Proposal to change parking rates aims to defuse complaints
Jessica Klymchuk, News Editor Ω
Playing the not-paying-for-parking game isn’t very much fun when you lose. Paying the $5 price to park all day is a lot easier on the student budget than the $50 fine (or $25 if you pay within seven days) for dodging the day rate, but students are still finding it steep.
Will George, the student rep on the parking appeals and advisory committee, is taking complaints about expensive parking head-on. A proposal suggesting some adjustments to campus parking has been drafted and will be be presented to the committee, which makes recommendations to the vice president of administration and finance for policy changes and to the facilities services division for operational changes.
The proposal suggests half-day rates ($3 for four hours for central parking lots), a dedicated carpool lot and a discounted rate in lot N at $4 per day. It will be presented at the parking appeals and advisory committee’s next meeting, which is yet to be scheduled. George said he is confident that the committee will be in favor of the recommendations.
“When talking to students about parking rates everyone wants something to change but it’s all about taking the right steps and developing a proposal that meets the financial needs of the institution as well as the students’ needs,” George said.

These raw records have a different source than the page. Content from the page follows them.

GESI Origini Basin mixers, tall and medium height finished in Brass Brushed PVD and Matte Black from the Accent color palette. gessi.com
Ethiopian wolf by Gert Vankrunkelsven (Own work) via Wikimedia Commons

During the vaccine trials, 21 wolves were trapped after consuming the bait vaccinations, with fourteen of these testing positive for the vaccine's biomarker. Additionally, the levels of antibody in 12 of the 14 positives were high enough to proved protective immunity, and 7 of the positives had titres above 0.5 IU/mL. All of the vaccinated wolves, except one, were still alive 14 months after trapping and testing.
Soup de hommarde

In addition to the murmur around campus, George said the expense of parking was brought up in the student caucus as a “major issue.” The mock parking meter, a.k.a. complaint box, erected by fine arts students Levi Glass and Harrison Ross in October, garnered 95 unanimously negative complaints about parking from students and faculty. George consulted with Glass and Ross over the student complaints that were “filed” in the complaint box and said students generally feel the increase in parking over the past couple of years is just another burden on them.

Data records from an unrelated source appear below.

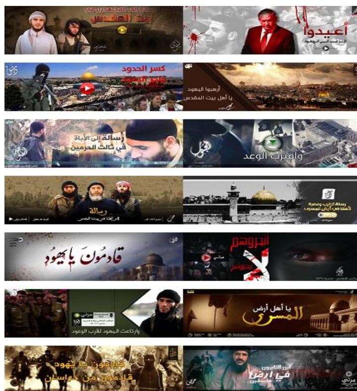
Islamic State’s anti-Israel video campaign

domination over Palestine. All of them show at least one activist of the Islamic State delivering the message fluently, while facing the camera, armed and dressed in uniform. The speakers in the videos typically introduce the general idea of the campaign or clip at the beginning of their speech. Towards the end, the videos make direct threats against their enemies. The campaigns are intensively distributed on SNS with specific hashtags, for a limited period of time. In the campaign against Saudi Arabia, supporters of the Islamic State posted requests to share the videos with the hashtag اصبروا الوحي بلاد يا (“Oh land of revelation, be patient”), which became the campaign’s slogan. 13 The leading hashtag used when distributing anti-Israel videos was نحر اليهود (“slaughter the Jews”), and the chosen hashtag for campaign addressing al-Shabaab was أيها المجاهد في الصومال (“Oh warrior of jihad in Somalia”).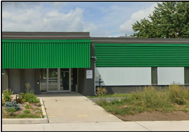
Photograph 1: Typical view of the exterior of the building.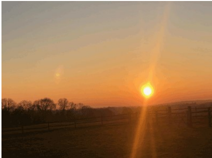
February sunset.

If this belief from heaven be sent, If such be Nature's holy plan, Have I not reason to lament What man has made of man?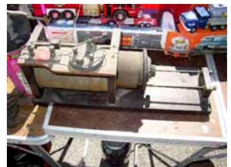
Antique Crystal Radio

THE BUY OF THE DAY: There sitting on one of the vendor tables, among a bunch of household items, was a 1910-1920 Crystal radio shown in the photo. The Bruce N1IX bid $50.00 and was told later that the antique crystal radio went for $90.00 which was probably still half price. One tapped coil slid inside the other on what looked like brass rods. There was a Cat Whisker Crystal mounted on the top right and what looked like a paper capacitor mounted on the top left. And then the Flea Market was over.

“We are trying to do a balanced proposal between TRU and students because the challenge with the parking issue is that for TRU, it’s really all about revenue,” George said.
According to George, the three suggestions were prioritized from a list of ten. The half-day rate is an attempt to offer more affordable parking and more flexibility for students. Metered parking currently costs $1 per half hour with a maximum of two hours, a problem for students who might only have one three hour class. A dedicated carpool lot is being suggested because there is currently a waitlist for the 40 carpool spots, it encourages more sustainable transportation and it would be easier to enforce than having spaces throughout campus. George said lot N is currently underutilized and it’s on the outskirts of campus so it would be fair to offer a cheaper rate to park there.

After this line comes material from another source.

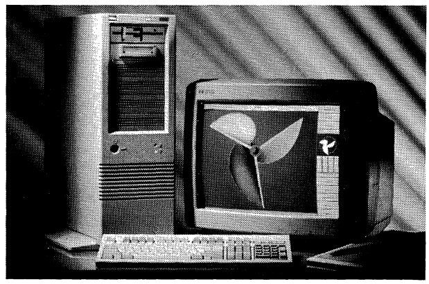
The HP Vectra 486 PC is expected to find wide use as a file server in network applications. Based on the Intel i486 microprocessor, the machine is Hewlett-Packard's first use of the 32-bit EISA bus architecture.

In November 1989, HP announced the long-awaited NewWave Office system. The release of NewWave Office was held back pending the outcome of the Apple vs. Microsoft and Hewlett-Packard lawsuit. Apple charged that Microsoft Windows and NewWave Office resembled the Macintosh user interface closely enough to violate Apple's copyright. While the issue is still in litigation,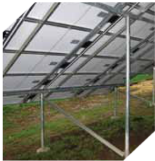
Underside of large ground mount

A more sustainable transportation solution is to take the bus, but George maintained that taking the bus isn’t a reliable option for everyone.
“For some students the bus does not come often enough to their area, or not at all if they live out of town,” George stated in an email. “While we are looking towards more sustainable options, we are also looking at more affordable and accessible options for students to get to campus.”
In the meantime, some students have attempted to expand their options and park off campus, either in nearby residential areas or commercial lots – but it’s not going unnoticed. Most of the surrounding commercial lots have a two-hour parking policy and are monitored.
The main supervisor for Columbia Place and Columbia Square, Tim Arnold, said “everyone in the neighborhood” is dealing with students trying to park in their lots and they have a zero tolerance policy.
“We don’t allow any students parking in our lot. It’s pretty well all the same. All the malls are doing that,” he said. “That’s a sore subject for us right now. We deal with it constantly.”
Students can expect a $40 ticket for their first offence in Columbia Place and the offence will be recorded, Arnold said. If they are caught again they’ll get a boot on their tire, which they will have to pay to have removed. Then, if they still insist on parking in the lot they will be towed. Arnold said they ticket students quite regularly.
Superstore manager Glenn Gregory said they also deal with students parking in their lot. They try to warn students on their first offence but they will tow if the student persists, he said.